Tuduhan panjang negara Malaysia kepada Indonesia adalah selalu hadirkan pendatang HARAM (PEKERJA UN PROSEDURAL), meski jawabannya sederhana bila ingin menghentikan, yaitu Malaysia hentikan terima pendatang “haram”, Malaysia berani menghukum perusahaan yang menerima pekerja ilegal dengan membangkrutkan bila kedapatan pekerjakan orang-orang yang tidak memiliki identitas resmi, kan selesai urusannya, harus fair dong, jangan cuma Indonesia selalu tertuduh bawah PMI Unprosedural, sementara Malaysia bermain dan bahkan order pekerja ilegal tersebut karena mudah diatur, gaji semaunya, kadang dibayar kadang telat bahkan tidak dibayar sama sekali, pekerja sakit tidak diurusin, tempat tinggal seadanya, bekerja dengan cara eksploitasi, maka tidak ada jalan lain kecuali harus diberantas sampai akar-akarnya.
Menurut Kami, Komunitas Penyedia Tenaga Kerja Internasional (KAPTEN) Indonesia, harus ditenggarai dengan bijak, selain menahan lajunya pemberangkatan secara kucing-kucingan dibanyak jalan tikus, maka penting dibereskan yang sudah terlanjur ada negeri Malaysia, kami selaku Asosiasi yang bergerak diketenagakerjaan sangat mendukung ide baik pemerintah, dengan catatan bukan sekedar narasi dan simbolisasi, hulu hingga hilir harus diselesaikan dan dirapihkan.
Point-point penting KAPTEN INDONESIA berikan sebagai solusi percepatan dan penguatan adalah :
- Seluruh stakeholder termasuk swasta yang kompeten dilibatkan dan berkomitmen satu hati menyelesaikan agenda perbatasan.

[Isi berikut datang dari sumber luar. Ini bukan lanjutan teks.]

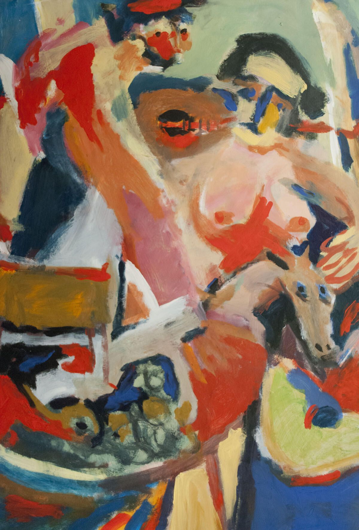 Pinholes in corners of image. Upper right corner torn. Paint chips adhered to image. Two figures. Montserrat series.Location

- Percepat MoU kedua negara Malaysia dan Indonesia, terkhusus penyelesaian perbatasan demi kedaulatan kedua negara.
- Bentuk Satgas Kemanusian dengan mengajak pelaku-pelaku usaha swasta yang terkait.
- Pembentukan pos jaga di perbatasan, bertugas memantau dan melacak keluar masuknya WNI.

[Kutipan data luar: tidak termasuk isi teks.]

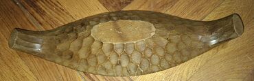 Ručna drvena dekorativna posuda – izdužen, čunak oblik sa integrisanim krajevima/ručkama.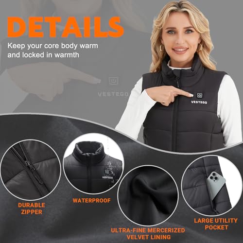 Heated Vest Women, Heated Jackets for Women, 3 Heating Levels (Battery Pack Included) Black 4

- Penting pendataan WNI secara tuntas di Malaysia dan rehiring dengan cara mandiri tanpa membebani pemerintah persoalan pembiayaan.
- Berikan kewenangan full swasta mengurusi segala penempatan secara baik dan benar, pemerintah harus melakukan pengawasan super ketat pelaku penempatan, hentikan langkah mafia Human Trafficking.

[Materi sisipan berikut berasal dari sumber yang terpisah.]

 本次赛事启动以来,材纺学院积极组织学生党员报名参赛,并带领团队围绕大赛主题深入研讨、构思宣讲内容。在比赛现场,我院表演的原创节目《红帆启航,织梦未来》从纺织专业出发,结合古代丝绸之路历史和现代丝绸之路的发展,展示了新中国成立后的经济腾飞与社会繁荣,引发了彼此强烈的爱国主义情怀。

- Perusahaan penempatan yang nakal harus dicabut izin operasionalnya, jangan justru main mata dengan pelaku, dan oknum-oknum pejabat yang terlibat pecat secara tidak hormat.
- Calon PMI harus dibekali dengan kurikukum pendidikan yang memadai, seperti perbaikan Fisik, Mental dan Kedisiplinan (FMD), wawasan Kebangsaan dan Nasionalisme, pembekalan pengetahuan budaya negara tujuan, bahasa yang formal negara tersebut dan penting pengetahuan Kerohanian. Artinya benahi hulunya karena hilir pasti tuntas.
- Perkuat dan penambahan personil pertahanan dan keamanan di perbatasan, dengan pola penjagaan ketat terhadap seluruh WNI yang memasuki negara tujuan dan WNI yang berani melanggar, cabut haknya keluar negeri.
Atas nama KAPTEN INDONESIA, menyambut baik niat tulus pemerintah meski itu tidak cukup Bapak Presiden.